Section 2.10 Transfer or Assignment of Registration Rights. The rights to cause the Partnership to register Registrable Securities under this Article II may be transferred or assigned by each Holder to one or more transferees or assignees of Registrable Securities; provided, however, that (a) unless any such transferee or assignee is an Affiliate of, and after such transfer or assignment continues to be an Affiliate of, such Holder, the amount of Registrable Securities transferred or assigned to such transferee or assignee shall represent at least $50 million of Registrable Securities (on an as-converted basis where applicable (determined by multiplying the number of Registrable Securities (on an as-converted basis) owned by the VWAP for the 10 Trading Days preceding the date of such transfer or assignment)), or such lesser amount if it constitutes the remaining holdings of the Holder and its Affiliates, (b) the Partnership is given written notice prior to any said transfer or assignment, stating the name and address of each such transferee or assignee and identifying the securities with respect to which such registration rights are being transferred or assigned and (c) each such transferee or assignee assumes in writing responsibility for its portion of the obligations of such transferring Holder under this Agreement.

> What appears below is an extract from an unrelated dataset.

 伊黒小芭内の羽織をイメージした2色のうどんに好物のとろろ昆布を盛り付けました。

Section 2.11 Limitations on Subsequent Registration Rights. From and after the date hereof, the Partnership shall not, without the prior written consent of the Holders of at least the Registrable Securities Required Voting Percentage, enter into any agreement with any current or future holder of any securities of the Partnership that would allow such current or future holder to require the Partnership to include securities in any registration statement filed by the Partnership for Other Holders on a basis other than pari passu with, or expressly subordinate to, the piggyback rights of the Holders of Conversion Unit Registrable Securities hereunder.

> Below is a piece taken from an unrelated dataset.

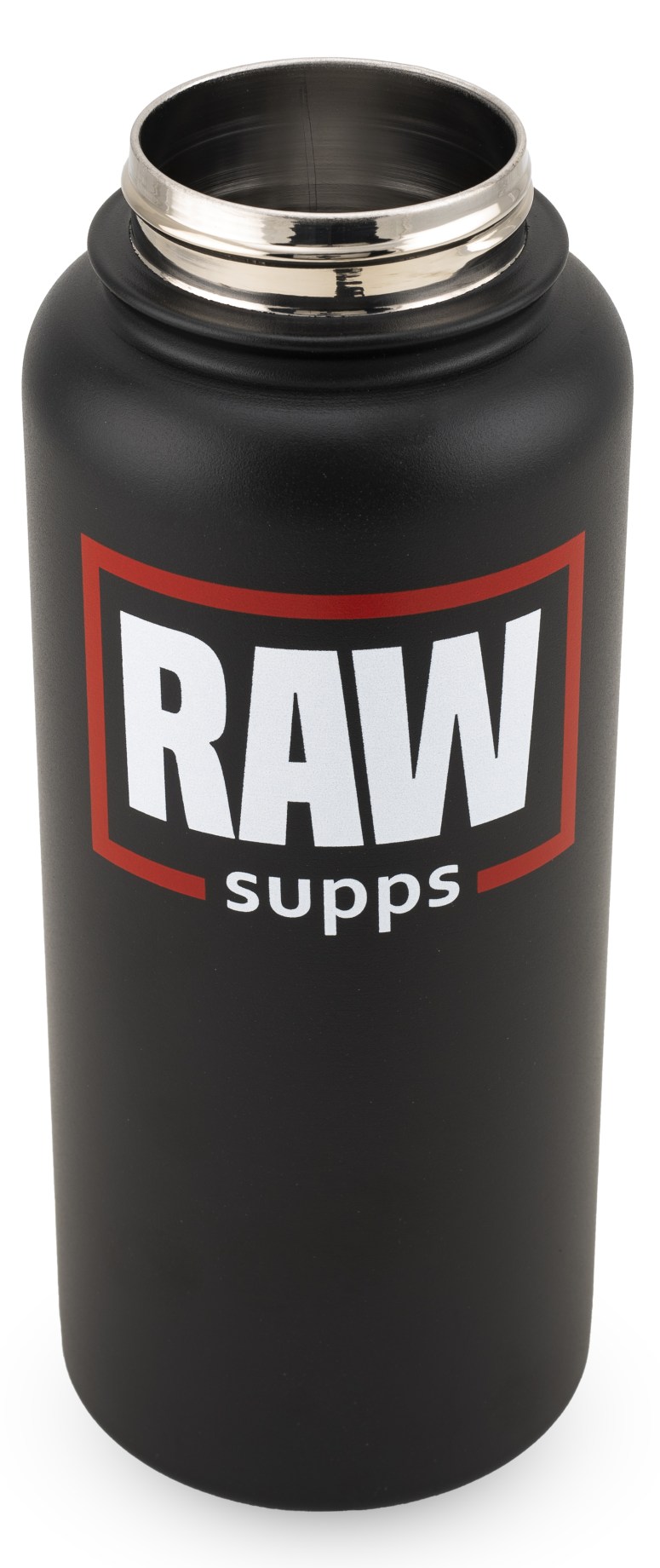 Med RAW Supps Insulated Sports Bottle är det lätt att hålla törsten i schack även vid de hårdaste, längsta passen! Sports Bottle är sportflaskan som håller närmare en liter dryck vid den perfekta temperaturen; varma drycker i upp till 12 timmar och kalla drycker i upp till 24 timmar. Livsmedelsklassat 18/8 rostfritt stål säkrar en långvarig hållbarhet för din dryck. Flaskan har ett smidigt handtag som gör den enkel att bära, och dessutom är korken läckagesäker. Upplev RAW Supps Insulated Sports Bottle – en flaska som är robust, håller rätt temperatur och inte ger vika på sin funktionalitet!

Section 2.12 Limitation on Obligations for Series B Preferred Unit Registrable Securities. Notwithstanding anything to the contrary in this Agreement, nothing contained herein shall be construed to require the Partnership to, (a) except as expressly provided in this Agreement, assist in the public resale of any Series B Preferred Unit Registrable Securities, (b) provide any Holder of Series B Preferred Unit Registrable Securities any rights to include any Series B Preferred Unit Registrable Securities in any underwritten offering relating to the sale by the Partnership or any other Person of any securities of the Partnership or (c) cause any Series B Preferred Unit Registrable Securities to be listed on any securities exchange or nationally recognized quotation system.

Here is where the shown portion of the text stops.